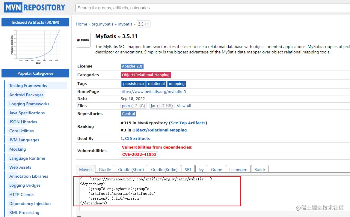 安装Mybatis,传统的模式自然免不了找到对应的Jar包添加成依赖,但通过Maven工具可以方便的控制项目依赖,需要在pom.xml中添加对应依赖,关于Maven这里不介绍过多,不知道GVC怎么写的可以在mvnrepository.com/ maven仓库中搜索对应的即可,比如搜索MyBatis,选择对应的版本,复制如图所示的依赖配置到pom.xml中,刷新maven依赖即可下载,这里除了Mybatis还需要下载mysql-connector,Java链接数据库需要通过驱动,不同厂商有各自的实现
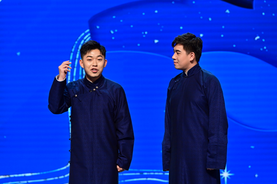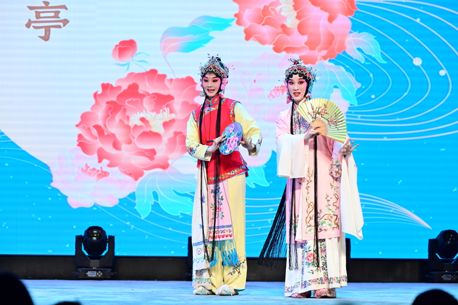 此次演出是《九州百戏》时隔三年再度唱响沪上。演出嘉宾中,来自天津电台的佀童强和广东电台的廖伟斌,不仅是业界知名的戏曲曲艺节目主持人,也是非遗传承人。他们参与的岔曲《庆中秋》和粤曲《彩云追月》,解说风趣,演唱精彩。来自苏州的评弹名家张怡晟、吴莲花则带来了经典书目《白蛇》中的“赏中秋”,弦索叮咚、吴侬软语,清雅婉转的弹唱勾勒出许仙与白素贞在中秋佳节泛舟赏月的浪漫景象。
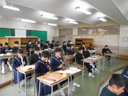 授業が少しずつ始まります。これは音楽の授業で笛の練習をしているところです。
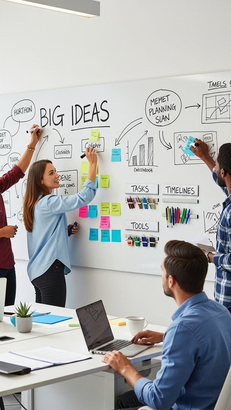 Embrace dry erase murals for bold visuals and easy edits, and use magnetic planning strips to anchor notes, tools, and timelines.
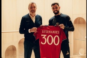 曼联官推也晒出了B费被赠送印有300字样的纪念球衣的照片,并配文:“B费将在周六迎来他在曼联的第300场比赛。”
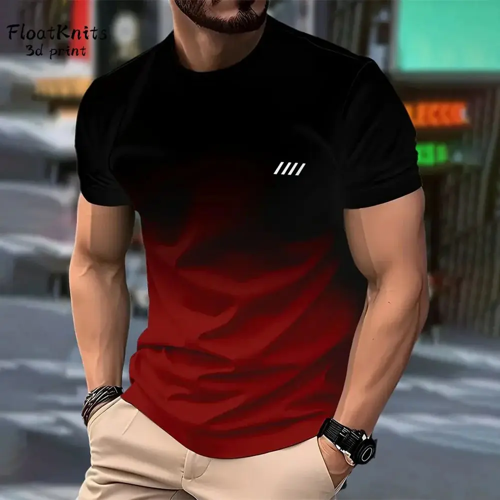 The new summer 2025 quick-drying men's T-shirt features a casual fashionable and streetwear 3D gradient print

Work to be completed -> Repeat every entry exactly. Do not include the pictures.

Solved exercise ->
 安装Mybatis,传统的模式自然免不了找到对应的Jar包添加成依赖,但通过Maven工具可以方便的控制项目依赖,需要在pom.xml中添加对应依赖,关于Maven这里不介绍过多,不知道GVC怎么写的可以在mvnrepository.com/ maven仓库中搜索对应的即可,比如搜索MyBatis,选择对应的版本,复制如图所示的依赖配置到pom.xml中,刷新maven依赖即可下载,这里除了Mybatis还需要下载mysql-connector,Java链接数据库需要通过驱动,不同厂商有各自的实现
 此次演出是《九州百戏》时隔三年再度唱响沪上。演出嘉宾中,来自天津电台的佀童强和广东电台的廖伟斌,不仅是业界知名的戏曲曲艺节目主持人,也是非遗传承人。他们参与的岔曲《庆中秋》和粤曲《彩云追月》,解说风趣,演唱精彩。来自苏州的评弹名家张怡晟、吴莲花则带来了经典书目《白蛇》中的“赏中秋”,弦索叮咚、吴侬软语,清雅婉转的弹唱勾勒出许仙与白素贞在中秋佳节泛舟赏月的浪漫景象。
 授業が少しずつ始まります。これは音楽の授業で笛の練習をしているところです。
 Embrace dry erase murals for bold visuals and easy edits, and use magnetic planning strips to anchor notes, tools, and timelines.
 曼联官推也晒出了B费被赠送印有300字样的纪念球衣的照片,并配文:“B费将在周六迎来他在曼联的第300场比赛。”
 The new summer 2025 quick-drying men's T-shirt features a casual fashionable and streetwear 3D gradient print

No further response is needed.